▶ _RECORD EXCERPTS_

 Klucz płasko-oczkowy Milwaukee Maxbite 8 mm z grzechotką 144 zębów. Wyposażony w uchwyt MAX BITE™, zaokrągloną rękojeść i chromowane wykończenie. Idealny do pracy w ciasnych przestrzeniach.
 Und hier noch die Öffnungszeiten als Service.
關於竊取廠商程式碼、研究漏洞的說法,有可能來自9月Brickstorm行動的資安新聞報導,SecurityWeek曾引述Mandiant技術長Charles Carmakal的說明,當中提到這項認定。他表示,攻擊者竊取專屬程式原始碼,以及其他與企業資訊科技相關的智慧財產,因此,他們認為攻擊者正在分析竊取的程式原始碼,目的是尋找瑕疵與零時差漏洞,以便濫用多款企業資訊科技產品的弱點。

...

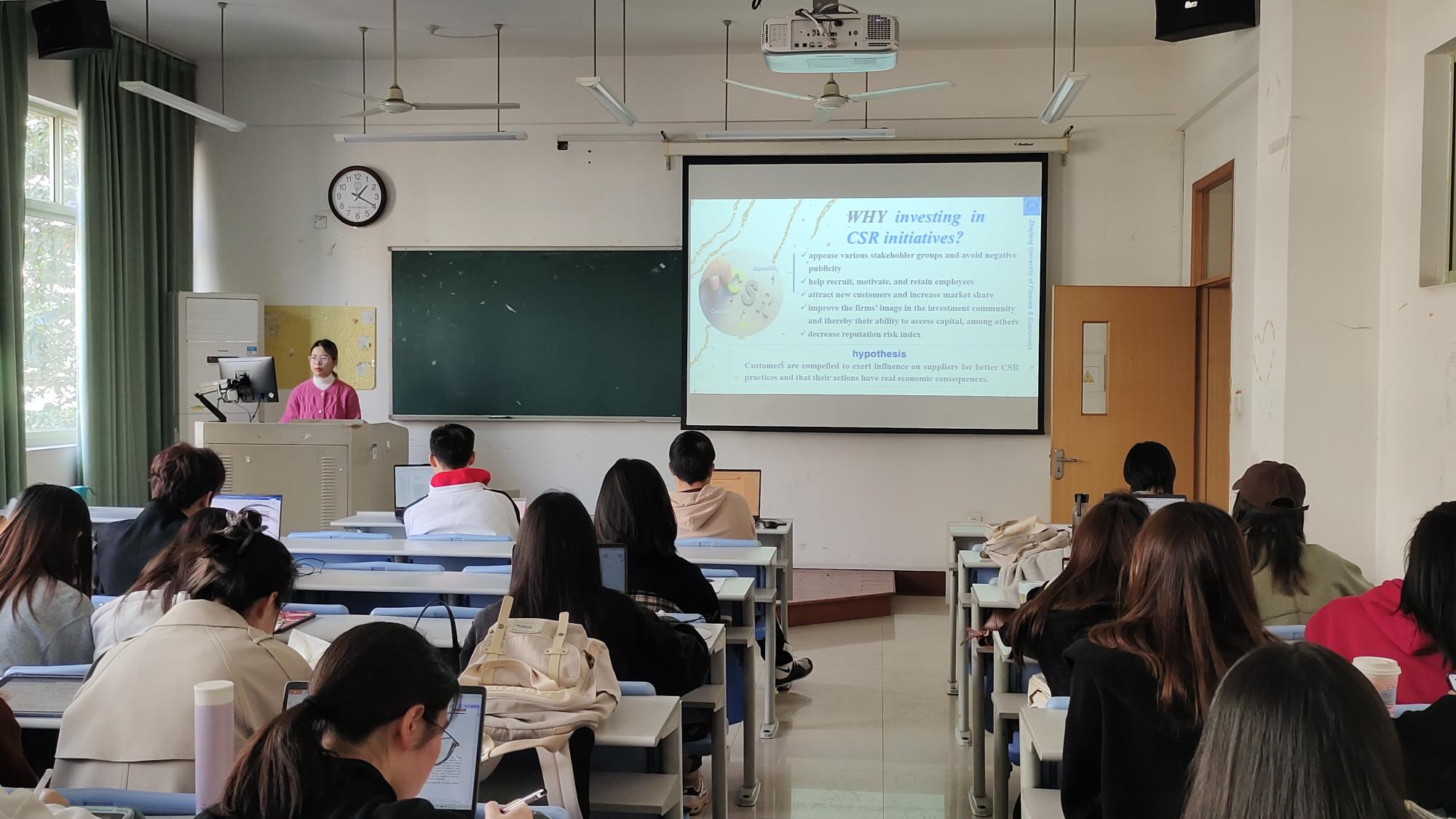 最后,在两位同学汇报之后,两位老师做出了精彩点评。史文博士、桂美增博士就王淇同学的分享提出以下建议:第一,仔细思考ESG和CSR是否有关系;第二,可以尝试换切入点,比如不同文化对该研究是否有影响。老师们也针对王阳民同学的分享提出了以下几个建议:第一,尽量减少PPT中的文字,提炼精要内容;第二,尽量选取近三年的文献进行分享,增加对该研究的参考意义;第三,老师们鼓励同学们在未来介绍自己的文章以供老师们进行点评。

▶ _DESCRIPTION OF THE TASK_
Above are some records; copy exactly the lines from the one with "Und hier noch" through the one with "關於竊取廠商程式碼、研究漏洞", both included, and no others.

▶ _EXERCISE ANSWER_
 Und hier noch die Öffnungszeiten als Service.
關於竊取廠商程式碼、研究漏洞的說法,有可能來自9月Brickstorm行動的資安新聞報導,SecurityWeek曾引述Mandiant技術長Charles Carmakal的說明,當中提到這項認定。他表示,攻擊者竊取專屬程式原始碼,以及其他與企業資訊科技相關的智慧財產,因此,他們認為攻擊者正在分析竊取的程式原始碼,目的是尋找瑕疵與零時差漏洞,以便濫用多款企業資訊科技產品的弱點。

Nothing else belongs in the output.